Ministério Público: revolução que a imprensa ainda ignora
Antonio Augusto Mello de Camargo Ferraz (*)
A concentração de renda (e de poder), no Brasil, responsável pelo intolerável fenômeno da exclusão social, é certamente o maior entrave para a definitiva implantação da nossa democracia. Como sonhar com justiça social e com níveis mínimos de cidadania – sem os quais não há real democracia – quando a exclusão e a miséria subtraem da maioria do povo brasileiro a possibilidade de reivindicar o respeito a seus direitos? Por que teriam acesso à Justiça aqueles que não alcançam saúde, educação, emprego ou moradia?
A Constituição de 1988 procurou superar esse dilema, incumbindo o Ministério Público de defender, como mediador de conflitos e perante o Judiciário, os interesses da sociedade, com ações prioritárias, obviamente, em favor das parcelas mais desfavorecidas da população.
Algumas das características dessa Instituição a tornam instrumento eficiente de aplicação dos princípios constitucionais e da lei: a presença de Promotores de Justiça em todas as comarcas do território nacional; o caráter profissional e técnico de sua atuação, desvinculada de interesses político-partidários; as garantias de autonomia e independência que lhe foram confiadas.
Desse modo, têm merecido alguma divulgação importantes medidas tomadas pelo Ministério Público em relação ao problema da criminalidade, ou à violência policial, à defesa do patrimônio público, do meio ambiente, dos interesses urbanísticos, do consumidor, da criança e do adolescente, da pessoa portadora de deficiência, ou à prevenção de acidentes do trabalho. Democracia supõe liberdade e, em contrapartida, sistemas eficientes de controle social do exercício do poder.
No entanto, são comuns as reações contra iniciativas tendentes a alargar e aprimorar esses mecanismos de fiscalização. O Ministério Público, por exemplo (assim como a imprensa, as ONG, as CPI, o próprio Judiciário), é alvo de freqüentes acusações de “excesso de poder”, ou de comprometer a imagem dos investigados. Vez por outra surgem propostas de retirar-lhe funções e instrumentos de trabalho.
Quem sempre usou o poder político ou econômico com liberdade quase absoluta – e, muitas vezes, de forma irresponsável, egoísta ou criminosa – não recebe o controle de seus atos com compreensão e naturalidade. Ninguém gosta de ser fiscalizado, nem mesmo perante o Judiciário, com a mais ampla liberdade de defesa; nem mesmo quando assim recomenda o interesse público.

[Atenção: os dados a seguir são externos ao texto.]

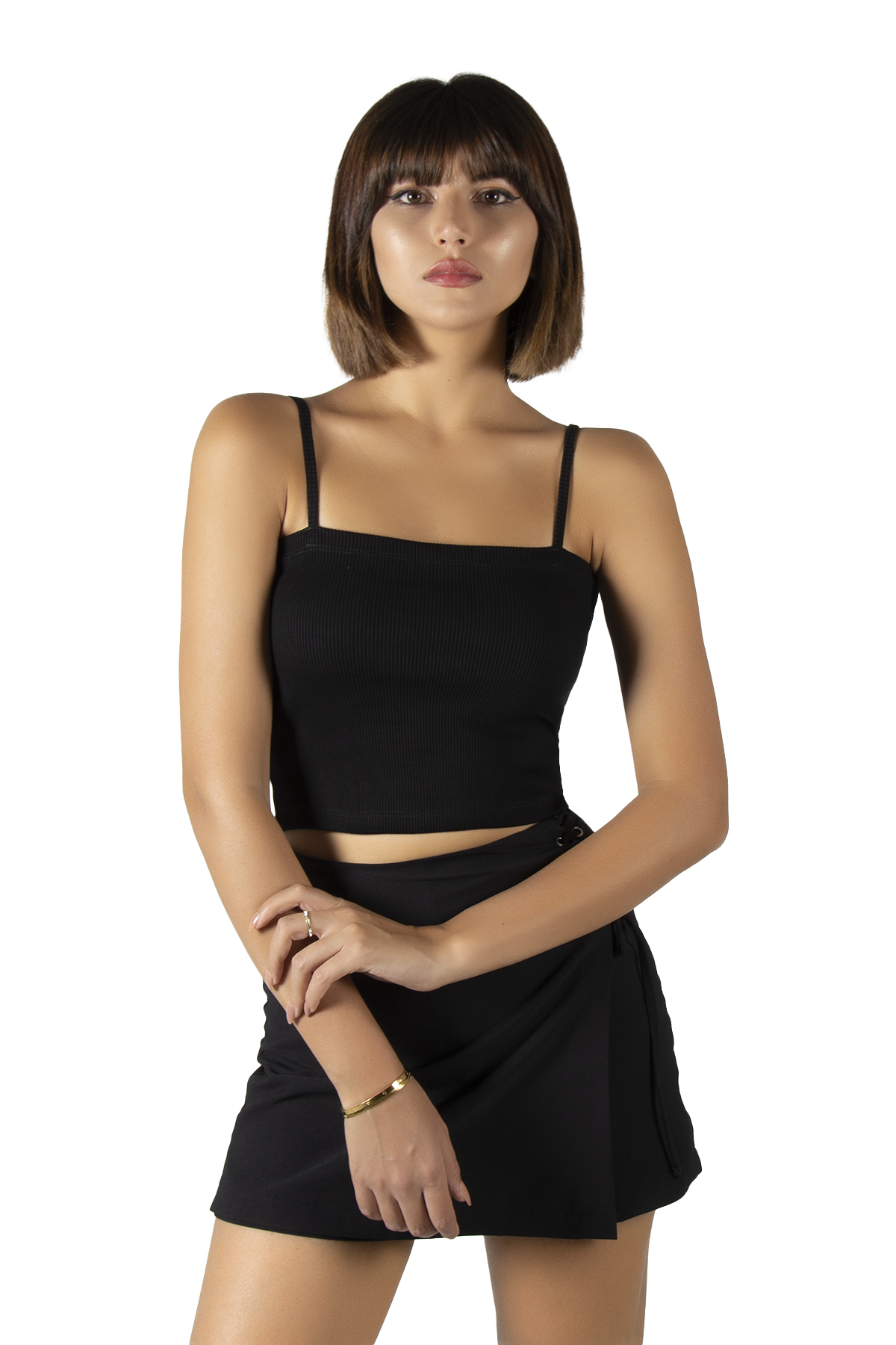 BUCADO Black Rope Strap Fitted Crop Top Undershirt features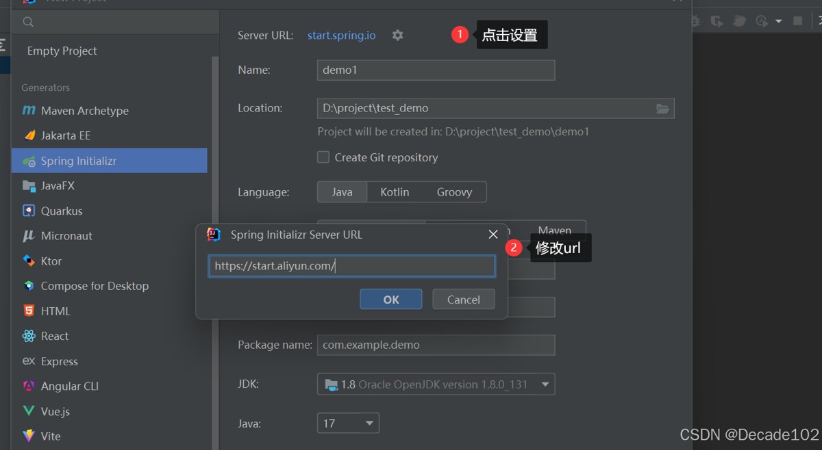 替换spring boot项目初始化源地址,创建springboot项目时,点击server url右侧的⚙,将https://start.spring.io/ 或者 http://start.springboot.io/ 替换为 https://start.aliyun.com/ 即可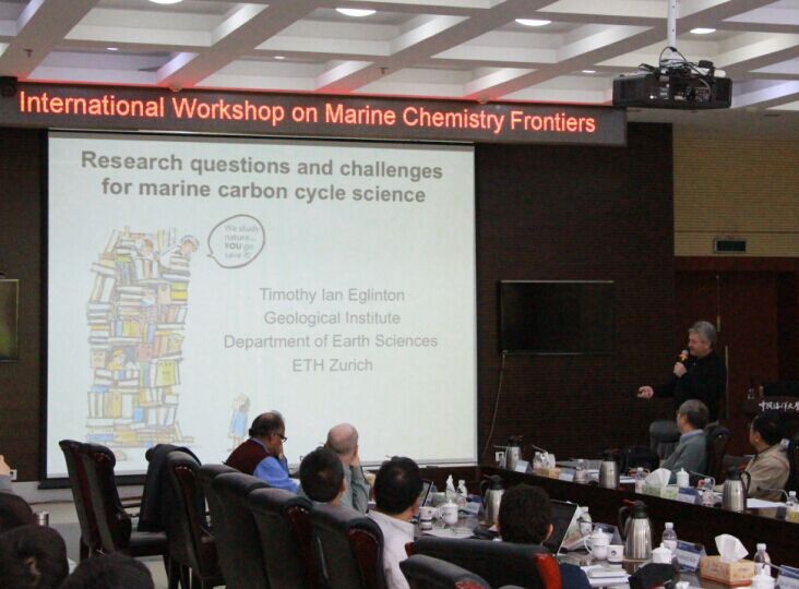 本次研讨会由开云电竞网址赵美训教授和瑞士联邦理工学院Timothy I. Eglinton教授共同组织发起,由国家自然科学基金创新研究群体项目“海洋有机生物地球化学(41521064)”、高等学校学科创新引智计划“海洋化学”创新引智基地(B13030)与海洋化学理论与工程技术教育部重点实验室、青岛海洋科学与技术国家实验室共同资助。会议邀请了来自德国莱布尼茨热带海洋生态中心前主任Venu Ittekkot教授、美国华盛顿大学的Julian Sachs教授、美国佐治亚大学孙铭一教授、法国西布列塔尼大学Paul Treguer教授、美国加州大学圣芭芭拉分校David Valentine教授、韩国首尔大学Guebuem Kim教授、美国威斯康辛大学郭劳动教授等多位国外大学和研究机构的专家学者。创新研究群体项目组、海化重点实验室的近百名师生参加了研讨会。
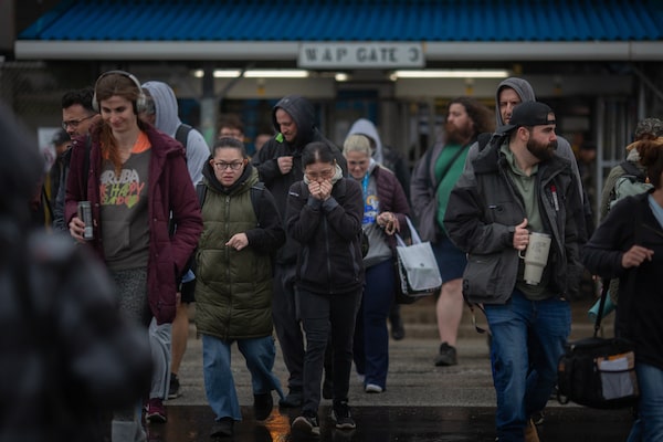 Auto workers leave the Stellantis Windsor Assembly Plant in Windsor, Ont., on April 2.Dax Melmer/The Globe and Mail
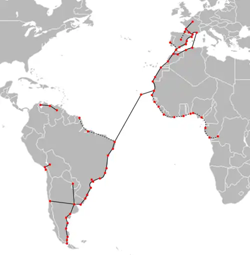 Malgré la traversée de l'Atlantique Sud par Mermoz en 1930, la compagnie continue pendant des années, les liaisons océaniques par avisos, l'état français imposant pour le survol de l'Atlantique des hydravions multimoteurs. En attendant, l'Aéropostale développe et multiplie de nombreuses lignes sur le continent sud-américain[5], vers l'Uruguay, l'Argentine, la Patagonie et le Chili, par-dessus la cordillère des Andes.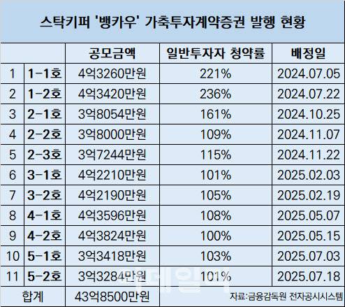 누적 공모금액 43억8500만원·평균 청약률 133%
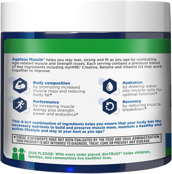 - MUSCLE BUILDER FOR MEN & WOMEN. Advanced benefits in 1 premium powder: Act against age-related muscle mass decline with Ageless Muscle; our creatine monohydrate and HMB supplements help prevent natural muscle loss that comes with aging.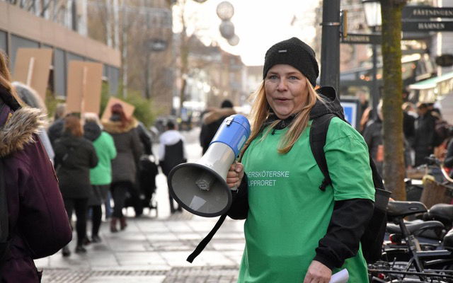 – Vi vill inte bli överkörda, utan vi vill vara med och bestämma, sa Johanna Flack på torget i Varberg och uppmanade alla undersköterskor inom kommunen att inte svara i telefonen när arbetsgivaren ringer under i sommaren för att kalla in dem som extrapersonal.

Quem se animaria a afirmar que entre os brasileiros vigora a crença de que as leis são cumpridas por todos? Quem negaria a sensação disseminada de impunidade? Esses fatos, somados a tantos outros, como a nada honrosa 36ª posição do Brasil no ranking mundial da corrupção, divulgado pela Transparência Internacional (com nota 3,56 de 10,0 possíveis), recomendariam opção decidida em favor de regras que impusessem maior transparência no exercício do poder.
O dinheiro arrecadado do povo, escasso num país pobre como o Brasil, é essencial para a implementação de políticas sociais, para a tentativa de levar cidadania à grande maioria de pobres e excluídos. Apropriar-se dele ou utilizá-lo irregularmente significa subtrair comida de quem tem fome, postos de saúde de quem está enfermo, escolas de quem mais precisa delas.
O Ministério Público, hoje autônomo e independente, tem consciência de sua parcela de responsabilidade no esforço de afirmação do Estado de Direito. Seu objetivo não é obter notoriedade. As medidas adotadas pelos Promotores de Justiça de regra o são de modo eficiente, mas sem alarde. Na área do meio ambiente, por exemplo, em que há dados estatísticos disponíveis, foram homologados pelo Conselho Superior do Ministério Público, de fevereiro a julho de 1997, cerca de 560 acordos administrativos com pessoas (físicas ou jurídicas) investigadas. Apenas no que diz respeito a reposições florestais, esses acordos redundaram no plantio de aproximadamente 460.800 mudas e árvores em todo o Estado. No mesmo período, foram ajuizadas 115 ações civis públicas ambientais, muitas das quais também terminarão por acordo judicial. Embora elevado, esse número é quase cinco vezes menor que o primeiro.
Postura semelhante vem sendo adotada nas demais áreas de sua atuação, com o didático efeito de sinalizar a necessidade de adoção de novos padrões éticos de conduta, de maior respeito às leis e às coisas públicas, bem como aos direitos humanos, ou dos hipossuficientes e das minorias.
Essa silenciosa e saudável revolução de nossos costumes, nas esferas social, política e econômica, mereceria maior reconhecimento da imprensa e da sociedade, inclusive para que esta, mais consciente de seus direitos, passasse a exercer, ela própria, controle cada vez mais direto do uso do poder.